Assignment:
Exactly as written and without the pictures, output the entries below.

Records from a collection:
▬▬▬▬▬▬▬▬▬▬
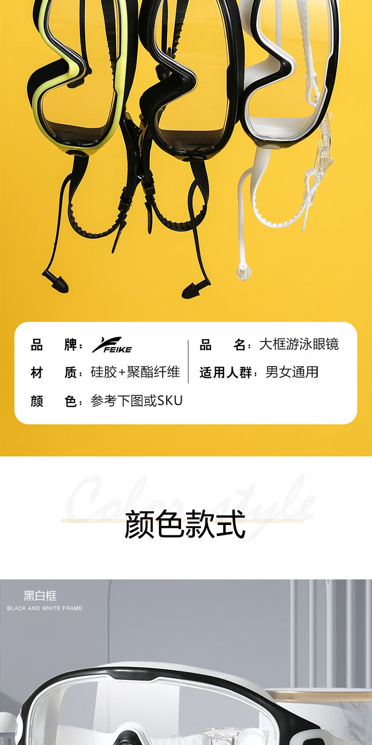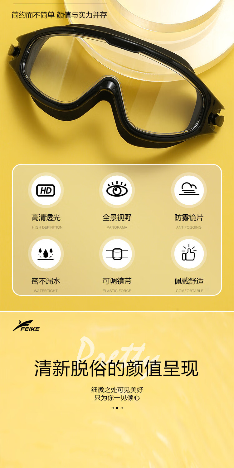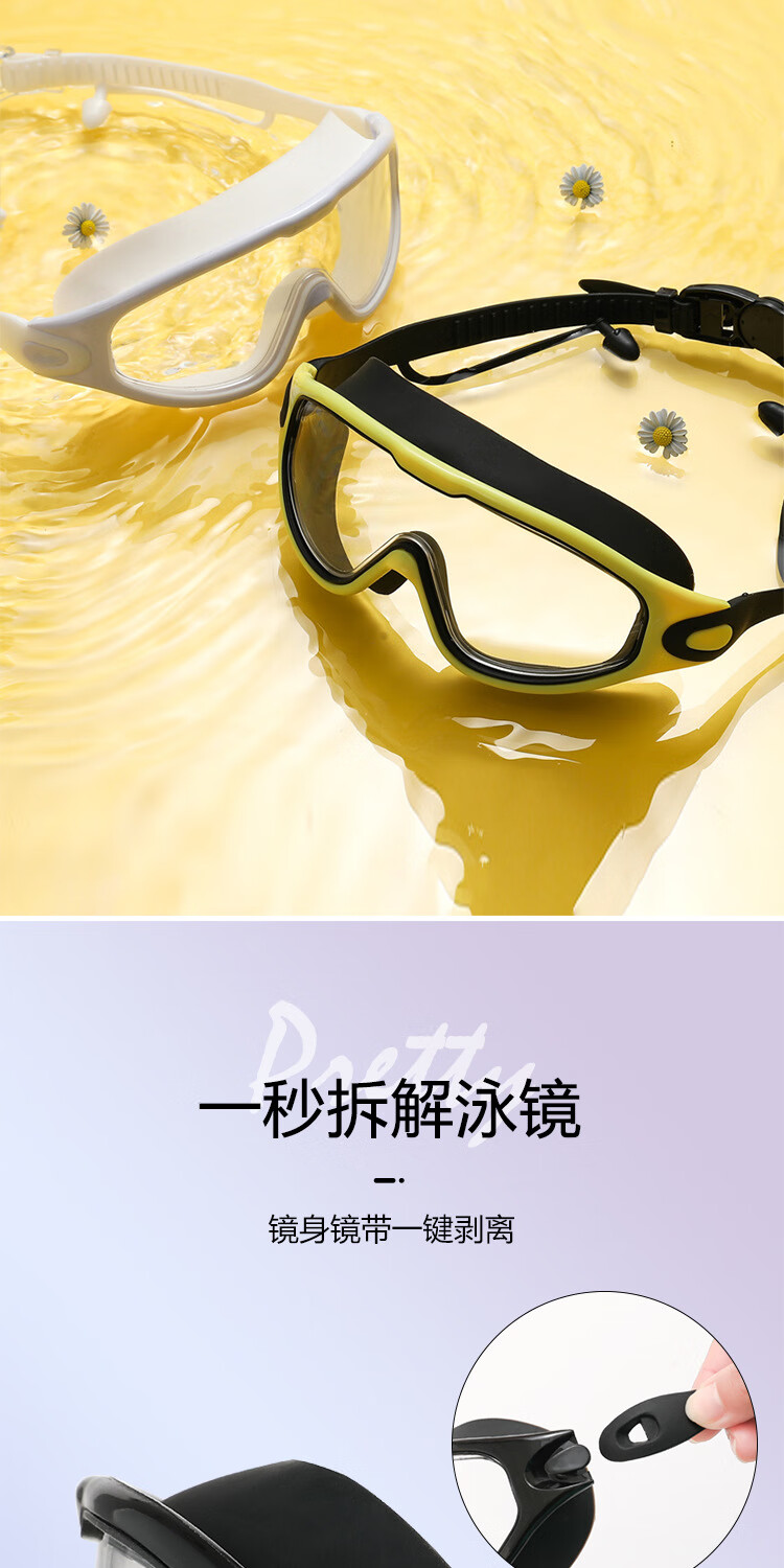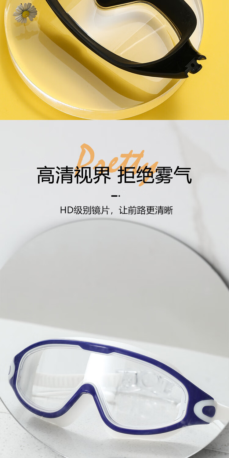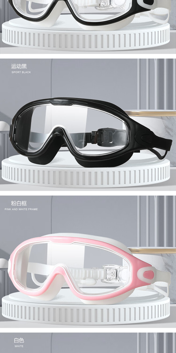 Swimming goggles for adults and men, HD waterproof, anti-fog, electroplated swimming goggles, flat large frame swimming goggles, swimming cap set, transparent style - 8032 large frame black (bag) + swimming cap + ear plugs and nose clip
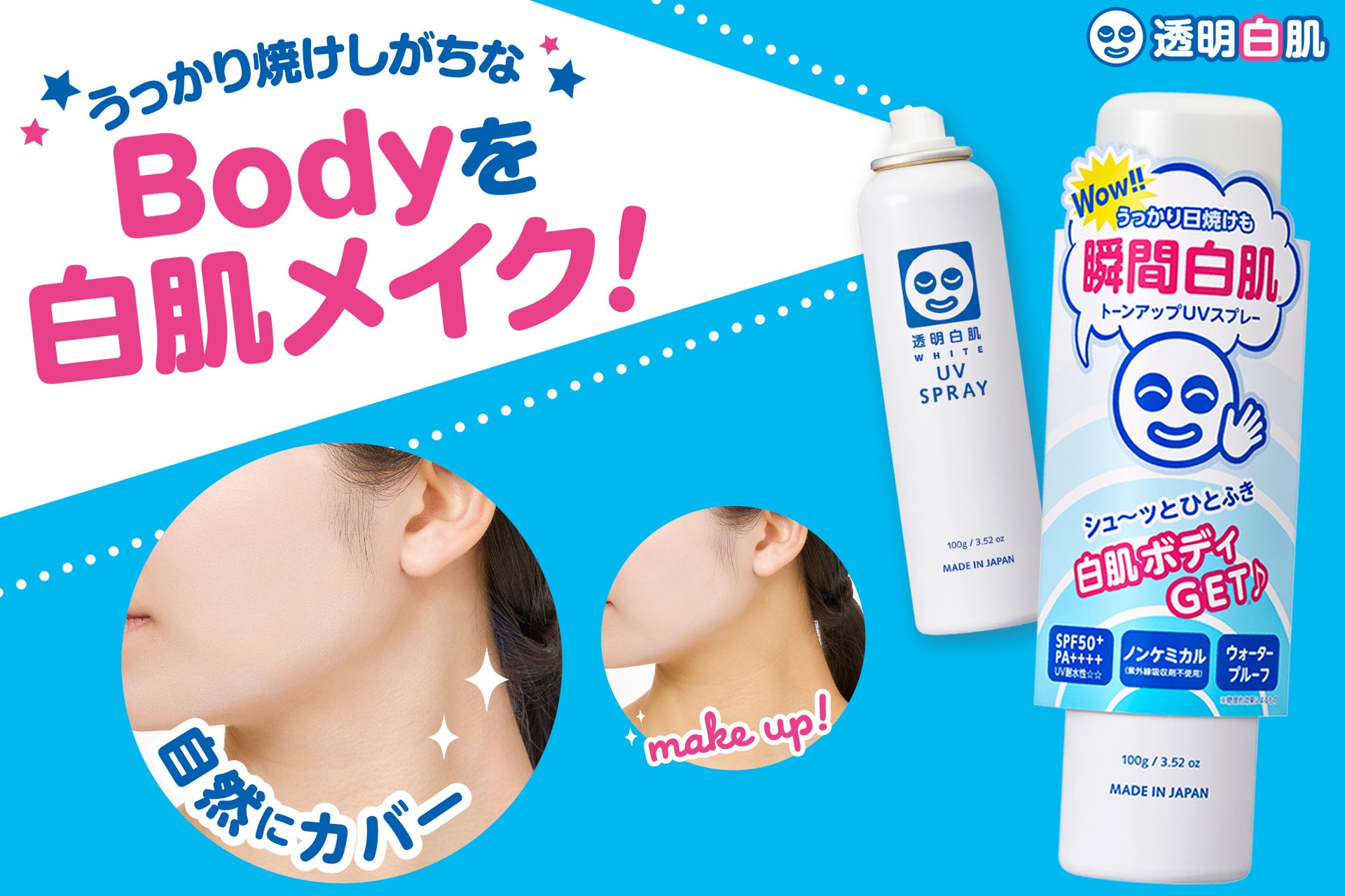 うっかり日焼けにシュ~ッとひとふき、パッと輝くボディに白肌メイク!『透明白肌 ホワイトUVスプレー』が数量限定で今年も登場!!
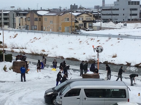 1月16日(火)午後、校門周辺を通行しやすくするために除雪を行いました。
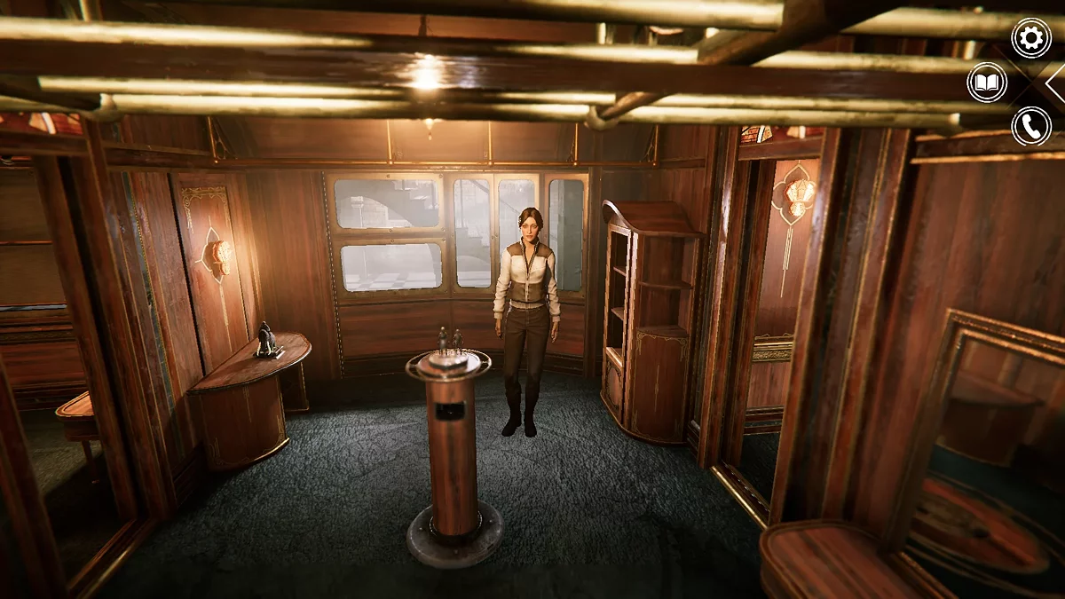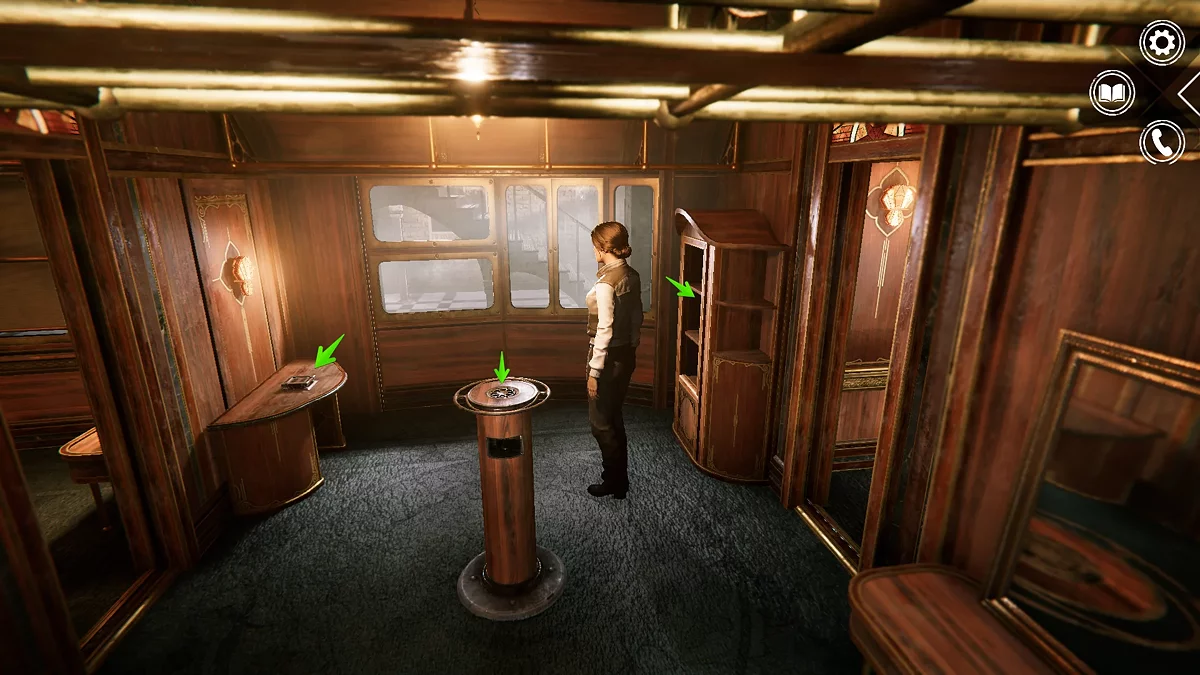 Теперь направляйтесь к железнодорожной станции и поднимитесь в поезд. Сначала можно не обращать внимания на Оскара, стоящего у выхода, а пройти чуть дальше по вагону. Осмотрите помещение и расставьте предметы: слева находится стойка для игрушечного мамонта, по центру — подставка для фигурок Ганса и Анны, а справа — шкаф для музыкальных валиков. Делать это необязательно прямо сейчас, но так вы сэкономите немного времени.
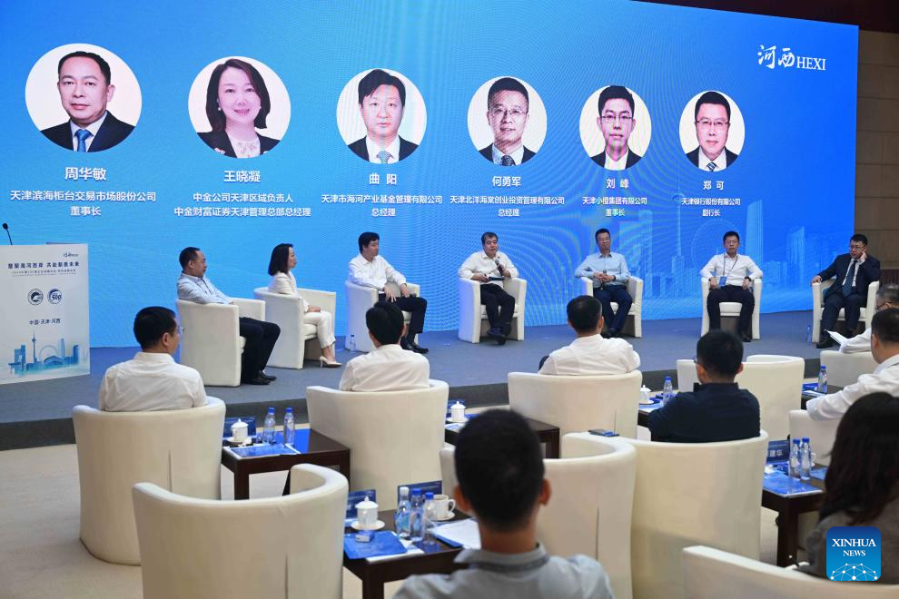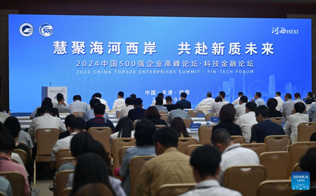 This photo taken on Sept. 10, 2024 shows the fin-tech forum of 2024 China Top 500 Enterprises Summit in north China's Tianjin. The two-day 2024 China Top 500 Enterprises Summit kicked off here Tuesday, attracting more than 2,000 entrepreneurs, experts, scholars and industry-related guests. (Xinhua/Sun Fanyue)
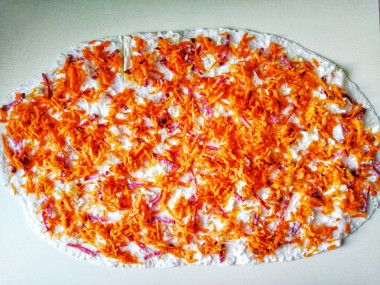 Закуску с корейской морковью и лавашом рулет сделала по просьбе мужа. Ему очень нравятся закуски такого типа.
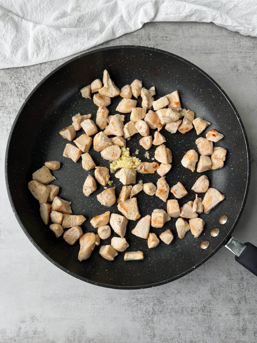 When the chicken is cooked add the minced garlic and cook for another 1-2 minutes.
▬▬▬▬▬▬▬▬▬▬
Answer space:
 Swimming goggles for adults and men, HD waterproof, anti-fog, electroplated swimming goggles, flat large frame swimming goggles, swimming cap set, transparent style - 8032 large frame black (bag) + swimming cap + ear plugs and nose clip
 うっかり日焼けにシュ~ッとひとふき、パッと輝くボディに白肌メイク!『透明白肌 ホワイトUVスプレー』が数量限定で今年も登場!!
 1月16日(火)午後、校門周辺を通行しやすくするために除雪を行いました。
 Теперь направляйтесь к железнодорожной станции и поднимитесь в поезд. Сначала можно не обращать внимания на Оскара, стоящего у выхода, а пройти чуть дальше по вагону. Осмотрите помещение и расставьте предметы: слева находится стойка для игрушечного мамонта, по центру — подставка для фигурок Ганса и Анны, а справа — шкаф для музыкальных валиков. Делать это необязательно прямо сейчас, но так вы сэкономите немного времени.
 This photo taken on Sept. 10, 2024 shows the fin-tech forum of 2024 China Top 500 Enterprises Summit in north China's Tianjin. The two-day 2024 China Top 500 Enterprises Summit kicked off here Tuesday, attracting more than 2,000 entrepreneurs, experts, scholars and industry-related guests. (Xinhua/Sun Fanyue)
 Закуску с корейской морковью и лавашом рулет сделала по просьбе мужа. Ему очень нравятся закуски такого типа.
 When the chicken is cooked add the minced garlic and cook for another 1-2 minutes.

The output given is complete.